Pruning trees

Discussion in 'Landscape Architecture and Design' started by lawnkid, Feb 28, 2002.

  1. lawnkid

    lawnkid LawnSite Senior Member
    Posts: 935

    I don't currently provide pruning services but on of my customers asked if I could trim one of her trees. I was wondering since I've never done this before how far down the branch to trim it. I plan on using a hand saw because I don't own a chain saw or pruning saw. Try to give me your best input on what to do?
     
  2. PAPS

    PAPS LawnSite Senior Member
    Posts: 404

    It all depends on what type of tree and what your trying to accomplish by pruning the tree...When our tree guys prune, they prune the limbs right to the trunk of the tree. Sometimes clients don't want to lose the whole limb and may just ask for it to be cut back. Again, it all depends... but generally, the limb should be pruned pretty much right to the trunk of the tree.
     
  3. JimLewis

    JimLewis LawnSite Fanatic
    Posts: 6,842

    This is a pretty open ended question and without know what kind of tree you are talking about, how large it is, etc. it's difficult to answer. But I'll try.

    First of all, most large tree pruning should be left to professional Arborists. But we landscapers and maintenance guys can safely do some light pruning to the bottom parts of trees. There are a few concepts that are important to be familiar with when pruning trees;

    Raising the crown; this is when you lop off all of the lower branches or the lowest "ring" of branches to create room under the tree. This is done sometimes because the tree branches are starting to invade the lawn. Other times because people want to be able to walk underneath the tree (e.g. when it's by a sidewalk), etc. When you raise the crown you lop the limbs off at the trunk but typically just the lower ring of limbs. Be careful not to do this on too small of a tree or it will look awkward.

    For raising the crown, I refered to the lower "ring" of branches. That's mostly found in everygreen trees. For deciduous trees, you just have to lop off some of the lowest branches, even though they may not form a ring.

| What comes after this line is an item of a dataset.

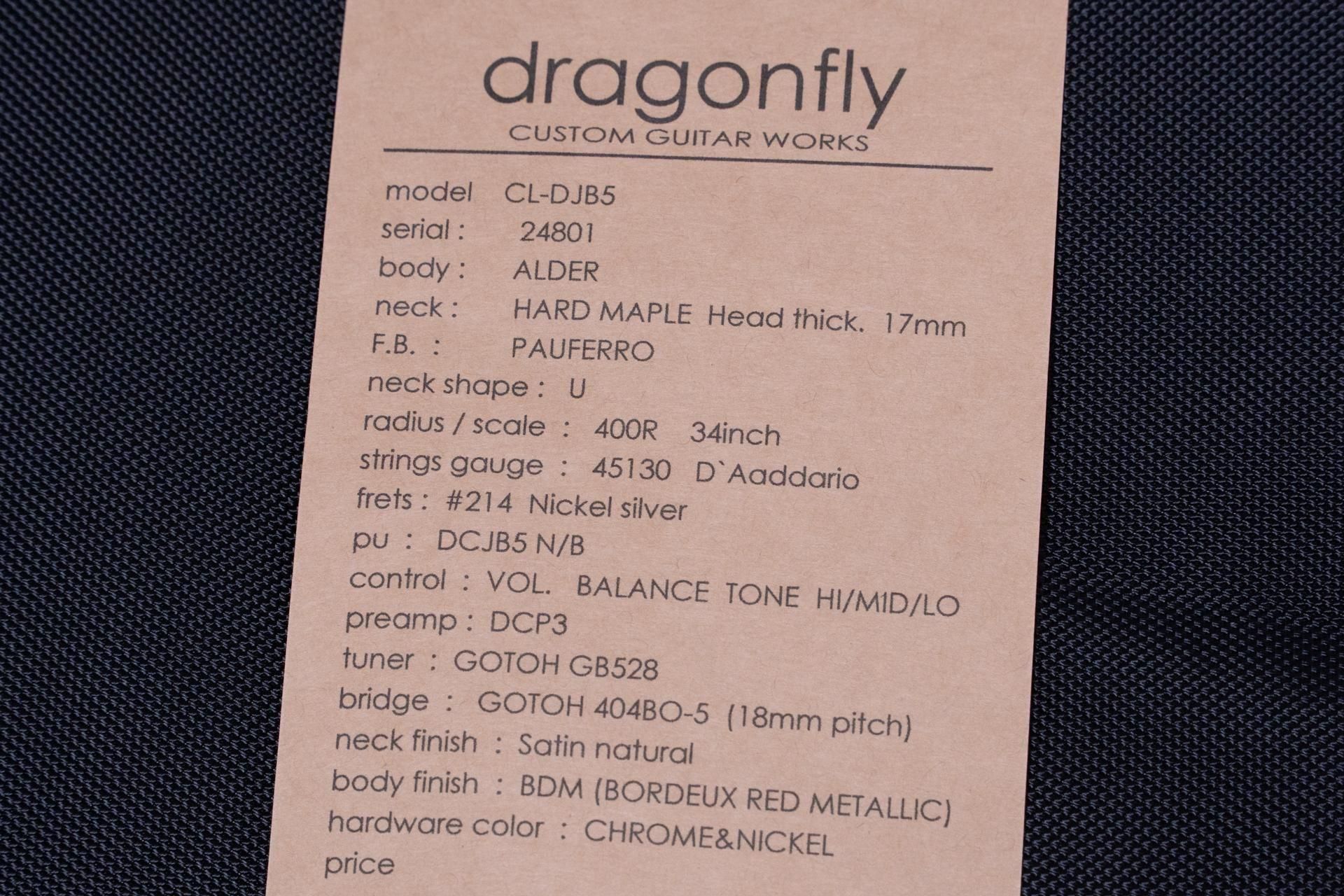 【new】dragonfly / CL-DJB5 ALD/PAU BDM/TO3 4.275kg #24801【GIB横浜】 送料無料 330,000円 3300 pt SOLD OUT 送料無料 330,000円 3300 pt SOLD OUT dragonflyは長い歴史をもつ日本のギター・ベースブランドです。 ミュージシャンと共に培った知見と技術を用い、高品質な製品を製造しています。 多くのミュージシャンに愛用され、Fear.and loathing in Las Vegasのテヤン・テツヤ氏などは長年同ブランドのベースを使用しています。 dragonflyにはいくつかのモデルがありますが、本モデルは新しく始まったクラシックなJBスタイルのCL-DJB5です。 シンプルにクオリティの高いJBで、いくつかの点をカスタムすることに対応しています。 こちらはdragonflyオリジナルのプリアンプを採用しています。 このオリジナルのプリアンプは実にナチュラルなキャラクターで、パッシブ + a を体現するかのよう。 Xoticあたりのプリアンプが好みの方には好まれるかと思います。 コントロールはボリューム、バランサー、トレブル、ミドル、ベース、プリアンプオンオフSWです。 ボディにはアルダー、指板にはパーフェロー。 トラディショナルな構成です。 サウンド面も良好で、シャープでパワフル、そしてクリアなサウンドが得られます。 現代において理想的なJBサウンドの1つかと思います。 dragonflyらしく、スムースな弾き心地も魅力的。 単純にクオリティが高く、5弦JBを探されている方には一度弾いてみて頂きたいシリーズですね。 SPECS body:ALDER neck: HARD MAPLE Head thick. 17mm F.B.:PAUFERRO neck shape:U Shape radius / scale:400R 34inch strings gauge:45130 D'Aaddario frets:#214 Nickel silver pickups:DCJB5 N/B control:VOL. BALANCE TONE HI/MID/LO preamp:DCP3 tuner:GOTOH GB528 bridge:GOTOH 404BO-5 (18mm pitch) neck finish:Satin natural body finish:BDM (BORDEUX RED METALLIC) hardware color:CHROME&NICKEL GIBの職人が演奏しやすく調整した上でお届けします。 付属品 : 純正ギグバッグ 文章 : 嵯峨駿介 検品担当 : 伊藤 商品写真 : 三浦 メーカー保証つき ◯GIB, TONIQ保証について ●メンテナンス 永久無料 当店でご購入いただいた楽器は、「弦振動に関するセットアップ」(通常4,400円)を永久に無料でご利用いただけます。(要予約) ・名前を記入した保証書のご提示をお願いします。 ・GIBとTONIQの実店舗・オンラインショップでご購入されたご本人のみが対象です。 ・送料などの諸経費はご負担頂くようお願いします。 ●再買取金額保証 ご購入後、6ヶ月以内にご購入品を手放す際には当店にて買取金額を保証いたします。金額は新品は50%、中古は70%です。 ●不良の保証 ベーシック株式会社が販売した商品は不良に対する保証を行います。委託品などの一部商品を除いてご購入から一定の保証期間中、正常な範囲内でのご使用にて発生した故障については無料での修理(不可能な場合に限り返品・返金)を行います。 保証期間は中古商品は3ヶ月、新品商品は1年です。 次の場合は保証期間内でも有償での対応となりますのでお気をつけください。 ・輸送、移動、落下等により生じた故障及び損害の場合。 ・消耗品を交換する場合。 ・火災、地震、塩害、ガス害、異常電圧による故障及び、損傷の場合。 ・取扱説明書に記載の注意事項に反するお取り扱いによって生じた故障、損害の場合。 ・弊社以外が修理、改造された部分が故障・損傷した場合。 ・保証書にお名前、モデル名、シリアルなどの記入がない場合。あるいは字句を書き換えられた場合。 ・保証書の提示がない場合、または紛失した場合。 (保証の提供は日本国内でのご購入に限ります) 頑丈な段ボール箱で発送します。 海外向けの発送にも対応します。 item will be packed with a hard cardboard box. we do ship internationally. 問い合わせ先 Contact Info LINE : vwj2699r email : info@bassick.jp TEL : 045 594 7308 送料無料 330,000円 3300 pt SOLD OUT GIB三ヶ月保証について(再買取金額・状態保証等) 分割支払いの金利無料条件について この商品について問い合わせる 送料無料(一部商品を除く) おすすめ商品 【new】ROSIÉ / ROSIE Ultralight Bass Guitar Case【ベース用】 27,500円 【new】GIB BASIC / THEギター専用蜜蝋ワックス COCO 15g【GIB横浜】 2,090円 【new】Baboon / THE ギター専用湿度調整剤 990円 【new】GIB BASIC / Neofit Strap Black【GIB横浜】 4,950円 関連商品 【new】GIB BASIC / THEギター専用蜜蝋ワックス COCO 15g【GIB横浜】 【new】ROSIÉ / ROSIE straps Black with Black Details 3.0inch【横浜店】 NEW ARRIVALS新着アイテム 【used】Fender / Engine Room LVL5 Power Supply【GIB横浜】 9,900円 【used】PreSonus / FADERPORT【GIB横浜】 12,100円 【new】Provision / VPB-GIB-RELIC-#003-J-ALD-3TS 3.920kg #25111811【GIB横浜】 517,000円 【used】SAMSON / MDA1 モノラル/アクティブDI【GIB横浜】 4,400円 【used】SolidGoldFX / Surf Rider ? Coral Pink【GIB横浜】 23,100円 【used】ZOOM / B2 Four【GIB横浜】 23,100円 【used】BOSS / LMB-3 Bass Limiter Enhancer 【GIB横浜】 7,700円 【used】ZOOM / B3【GIB横浜】 17,600円 【new】Kikuchi Guitars / Hermes M70-4 TWH 3.720kg #537【GIB横浜】 440,000円 【new】Kikuchi Guitars / Hermes M70-4 NAT 4.140kg #541【GIB横浜】 440,000円 【used】HISTORY / TH-BJ4/R WH 4.400kg #I060197【GIB横浜】 132,000円 【used】KLARK T

    Thinning; On smaller trees where you can reach most of the branches by hand or with a small 6' ladder you can begin thinning the branches of a tree by first eliminating branches that are criss-crossing other branches. You lop off the branch back to the next main branch or even back to the trunk sometimes until the offending branch (the one that's going the wrong way and criss-crossing another) is corrected.

    Topping; cutting off the top branches of a tree to keep it's height down. You RARELY want to do this. There are a few exceptions where it's okay but learn what you are doing before you begin toping any trees. It's usually a very bad idea and messes up the natural form of the tree for years.
    Again, my pat advice on pruning is to read Ortho's "All About Pruning" several times until all of this makes sense to you.
     
  4. GarPA

    GarPA LawnSite Silver Member
    from PA
    Posts: 2,585

    I can keep straight in my head when and how to prune deciduos trees but no matter how many times I read the books on pruning I can't keep straight in my feeble head the rules on shrubs and flowering ornamentals like barberry, ornamental pines, spirea(sp?)and other foundation plantings that right now I can't even remember the names of...dah. I know not to prune too close to fall so plant can heal and not die back and about pruning after flowering..is there a 'general' guidline on these perennials that is realtively ez to remember? I realize some plants mat require a tweak on the process...thanks much..ps...I think my problem is that I'm afraid of killing somones prized specimen that took years to grow...
     
  5. JimLewis

    JimLewis LawnSite Fanatic
    Posts: 6,842

    First of all, don't worry too much about killing plants. As long as you don't cut the plant back too much (e.g. 30% is about the most for many plants) then you're not gonna kill it.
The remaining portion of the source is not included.